The insertions are more than occasional. You see italicized insertions in almost every verse. They’re verbs. English uses them; Hebrew does not. Without them, the text isn’t “less readable;” it’s essentially unreadable.

You demonstrate a fundamental misunderstanding of how the KJV translation was performed to claim that only the italicized words, which are highlighted as an admission that they have no direct Hebrew antecedent, represent a KJV translator’s “own words.” Every word in the KJV represents a translator’s choice for how to best express the original text’s meaning as they understood it. So, really, every single word, italics or no, is a translator “putting in their own words” what they think the original text means. That’s why you can have so many different Bible translations that express similar or even identical meaning using widely varied vocabulary.
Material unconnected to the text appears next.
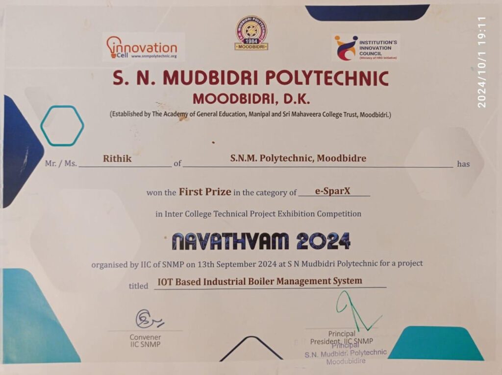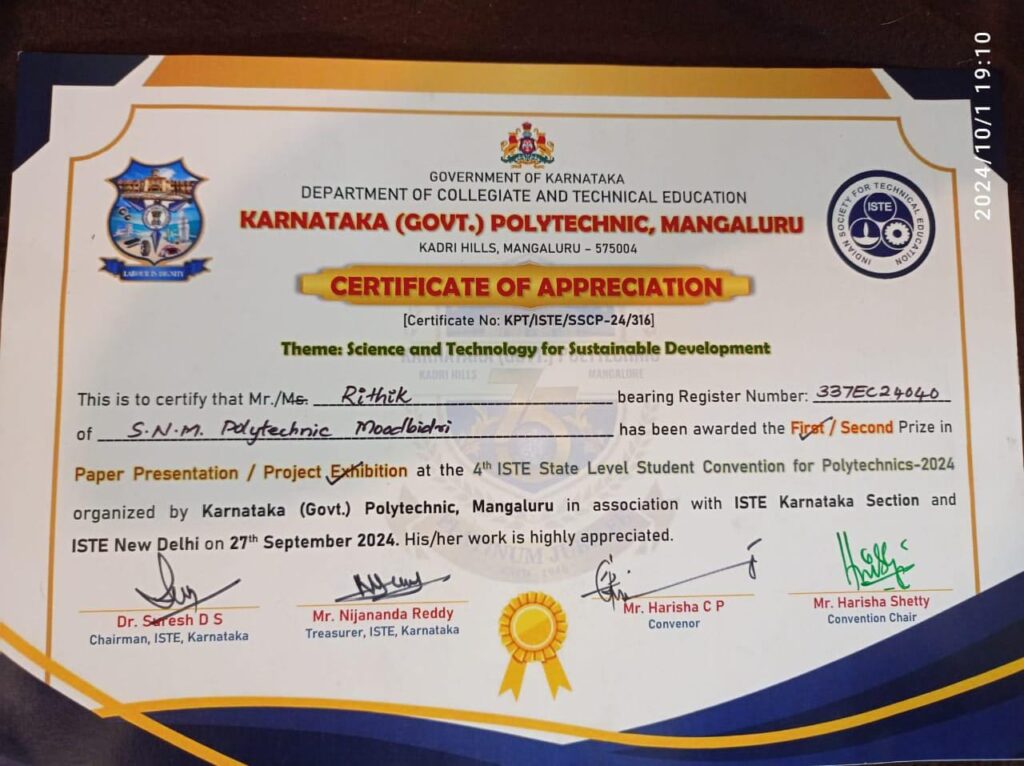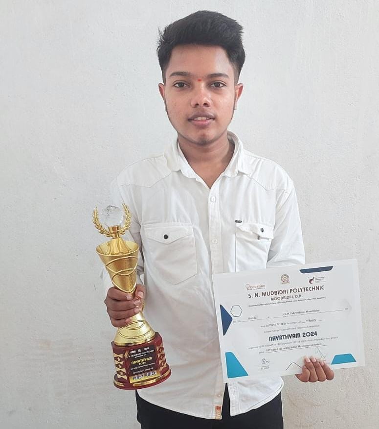 ನಂತರ ಮಂಗಳೂರಿನ ಕರ್ನಾಟಕ ಪಾಲಿಟೆಕ್ನಿಕ್ ಮಂಗಳೂರು (KPT) ಕಾಲೇಜಿನಲ್ಲಿ ಕರ್ನಾಟಕ ಸರ್ಕಾರದ ಯೋಜನೆಯಡಿಯಲ್ಲಿ ಸೆಪ್ಟೆಂಬರ್ 27ರಂದು ಆಯೋಜಿಸಿದ್ದ ರಾಜ್ಯ ಮಟ್ಟದ ಕೈಗಾರಿಕೆ ಮತ್ತು ತಾಂತ್ರಿಕ ವಿಭಾಗದ ಸ್ಪರ್ಧಾತ್ಮಕ ಕಾರ್ಯಕ್ರಮದಲ್ಲಿ ಭಾಗವಹಿಸಿ ಪ್ರಥಮ ಬಹುಮಾನ ಪಡೆದು ರಾಷ್ಟ್ರ ಮಟ್ಟಕ್ಕೆ ಆಯ್ಕೆಯಾಗಿದ್ದಾರೆ.

That’s also why you can’t adequately translate anything of any length just by plopping the original text into a computer program a la Google Translate or Babelfish, which don’t recognize idioms and essentially produce stilted gibberish.
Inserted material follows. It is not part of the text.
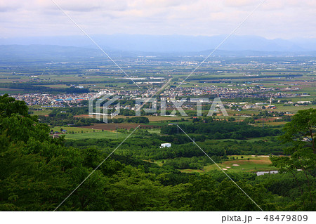 長官山から見る麓の農村地帯と札幌市街地の遠景
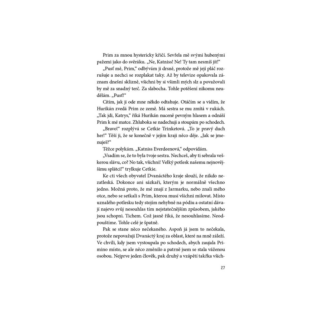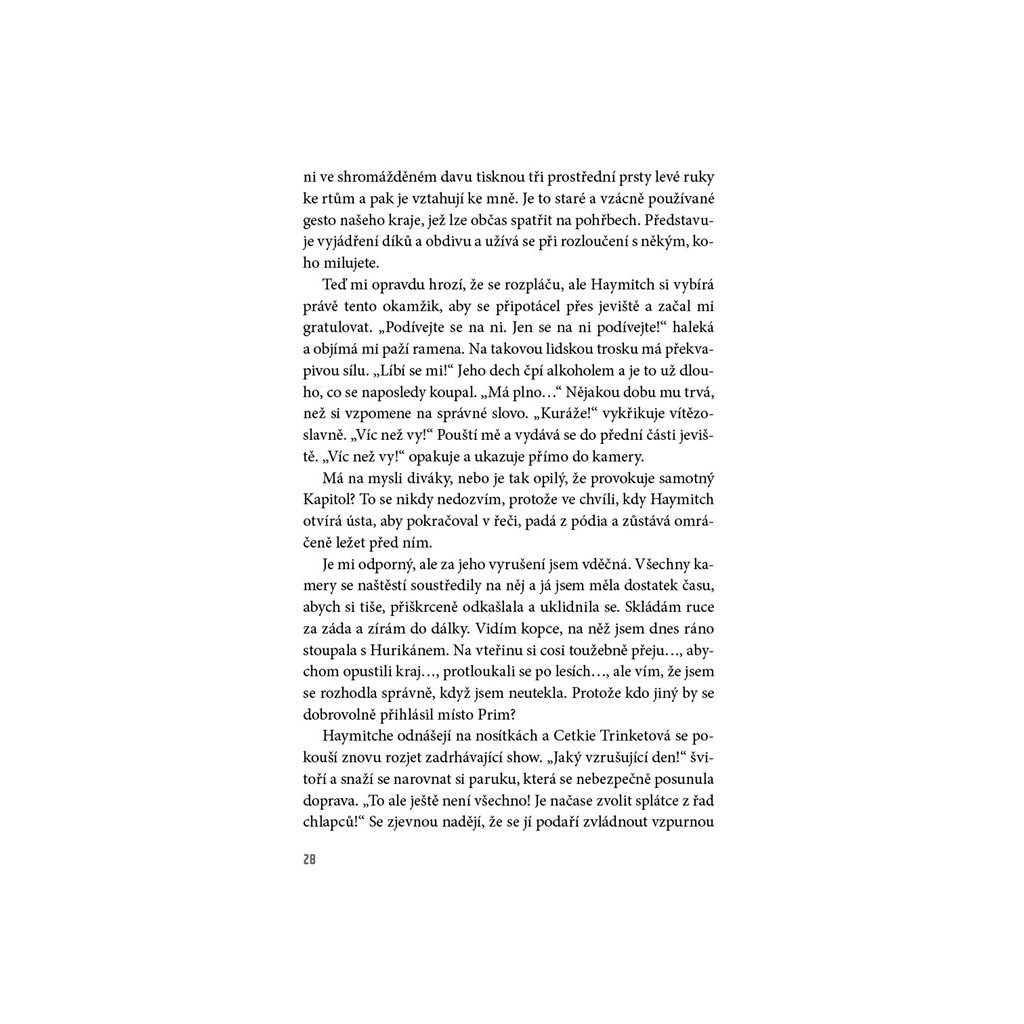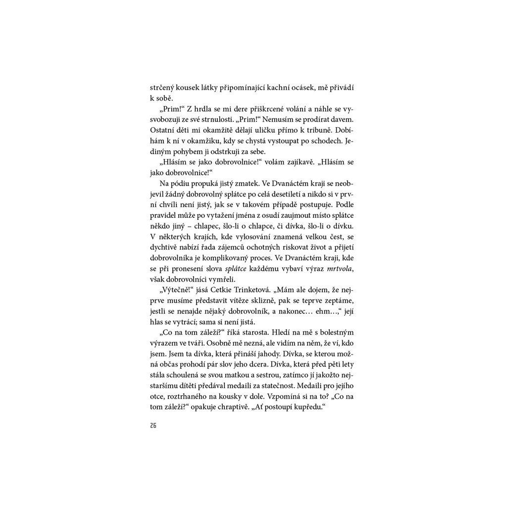 Země Panem – dvanáct krajů a hlavní město Kapitol, které všem ostatním krajům vládne. Rok co rok musí jedna dívka a jeden chlapec z každého kraje nastoupit do zvrácené televizní reality show a bojovat o svůj život. Vítězství v klání Hunger games znamená slávu a bohatství. Prohra znamená jistou smrt. Šestnáctiletá Katniss se do her přihlásí dobrovolně místo své mladší sestry, na kterou padl los. Má šanci mezi nebezpečnými soupeři přežít?

This calls for a demonstration. Here’s your Question #2, translated into Hebrew via Google Translate:

2. כאשר מתרגם המלך ג’יימס תרגמו את התנ”ך KJV בין 1604 ו 1611, הם היו שמים מדי פעם במילות שלהם לתוך הטקסט כדי להפוך את אנגלית קריאה יותר. אנחנו יודעים בדיוק מה המילים האלה הן בגלל שהם באות נטויות בתנ”ך KJV. מהן המילים המודגשות המאה ה -17 האלה עושים בספר המורמונים? מילה במילה? מה זה אומר על הספר המורמונים להיות שיא עתיק?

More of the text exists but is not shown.